It's Abuelita of all people who believes his story about how Héctor died. She had become oddly attached to the awkward, skinny 21 year old in the foto on her ofrenda. So she starts calling around México City asking people to find her “pobrecito abuelito” gone from the world when he was just “un niño estupido”. They find the body eventually. Dumped in a shallow grave that washed out a decade after burial, the identity of Héctor’s skeleton had been a mystery to many, but Miguel would know that face anywhere.

The body stays in the lab for months as they verify DNA and attempt to determine a cause of death. Héctor’s body arrives home on a bright September morning with a file that says he was definitely poisoned. Death was fairly quick, they concluded. But no one told Miguel if it burned. There was no tequila at Héctor's funeral. It didn't seem appropriate.

Miguel tucks a letter to his great-great-grandfather into the casket in hopes that it somehow gets to him.

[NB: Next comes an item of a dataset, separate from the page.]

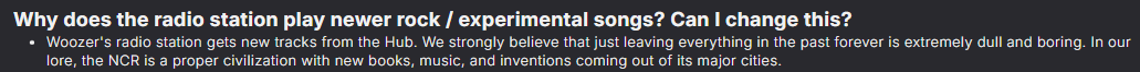 >>549965893The overall quality is higher than the legion one.But so far it seems more tailored towards people who have an uncritical love of the NCR. All of that criticism of liberal democracy and human nature is out the window in favor of how cool rangers and troopers are. That lack of criticism and cynicism really makes it feel like a mod in the worst ways compared to base FNV NCR stuff.

He doesn't ask about the death. He will have plenty of time for that in the far distant future. He simply lets him know that the burning can stop.

There is no tequila on the ofrenda that year.

* * *

Ernesto still had ofrendas. His guards made sure he knew that he did. While the amount of goods dwindled every year as more and more people began to believe he had murdered the now beloved songwriter Héctor Rivera, Ernesto still received more than most ever would. The guards would read off an itemized list of every offering received and redistributed elsewhere. All they ever left him with was a solitary shot of tequila.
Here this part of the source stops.